Joe Dante's contribution, titled "Homecoming," takes traditional zombie movie imagery and turns it into an indictment of the war in Iraq: Soldiers return from the dead not to eat people's brains but to vote the president out of office who sent them into battle.
Dante, a Roger Corman protege whose films include "The Howling" and a segment of "Twilight Zone: The Movie," pointed out that zombie films have always had underlying social statements, from 1950s West Indian movies about race and class to George A. Romero's 1968 classic "Night of the Living Dead," with its subtext about the Vietnam War.
"It didn't seem to me like much of a stretch to use that template for a political story," he said. "The great thing about the `Masters of Horror' series is that it was an opportunity that already existed — in lieu of money or time I was given creative freedom, so I was able to sneak in a political story into this series that I probably never would have gotten made."
As for the renaissance of grisly horror, Dante said: "Everything goes in cycles."
"After about 15 years, there's a whole new group of people who haven't seen this kind of material. In the world we live in, we like to push the envelope, so today's gory horror movies are gorier than the last generation's gory horror movies.

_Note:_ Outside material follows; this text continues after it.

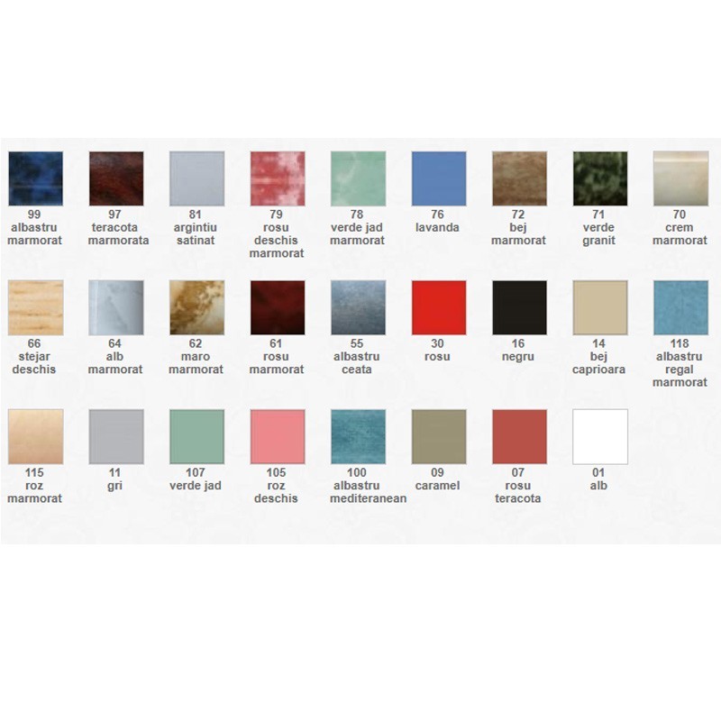 - disponibila intr-o gama variata de culori uni si marmorate, permite asortarea cu baghetele pentru muchii exterioare;

There is a limit to what you can do to horror, and frankly I thought we reached it in the mid-'80s, but apparently not."
And more are on the horizon — specifically, remakes of the classic movies that provided the inspiration for this new wave in the first place. "When a Stranger Calls" is scheduled for release in February, with "The Hills Have Eyes" (from "High Tension" writer-director Alexandre Aja) following in March.

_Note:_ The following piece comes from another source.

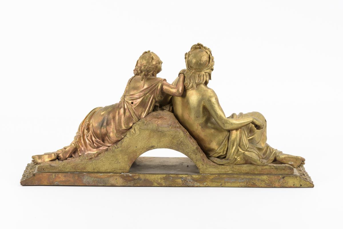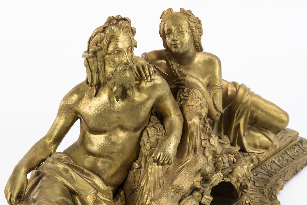 Mit vegetabilen Friesen reich reliefierte Bronze-Plinthe; darauf montierte lagernde Gestalten der Mythologie. Aus der Plinthe und Bekrönung einer Uhr gefertigt, Bohrlöcher von fehlenden Attributen, einige Gussfehler.

In October, expect a "Texas Chainsaw Massacre" prequel — there's already been a remake of the iconic film, which grossed $80 million in 2003 — as well as "Saw 3." Autumn also brings "Grind House" from Weinstein, in which horror aficionados Robert Rodriguez and Quentin Tarantino join forces to co-direct. John Jarratt, the serial killer from "Wolf Creek," is the star.
"Everyone has a fascination with death," said Roth. "Violence is cinematic. It looks great on film. It's a great release watching the bad guy get it — seeing someone get brutally maimed in a movie, your worst nightmare, you see it and scream about it and it feels great."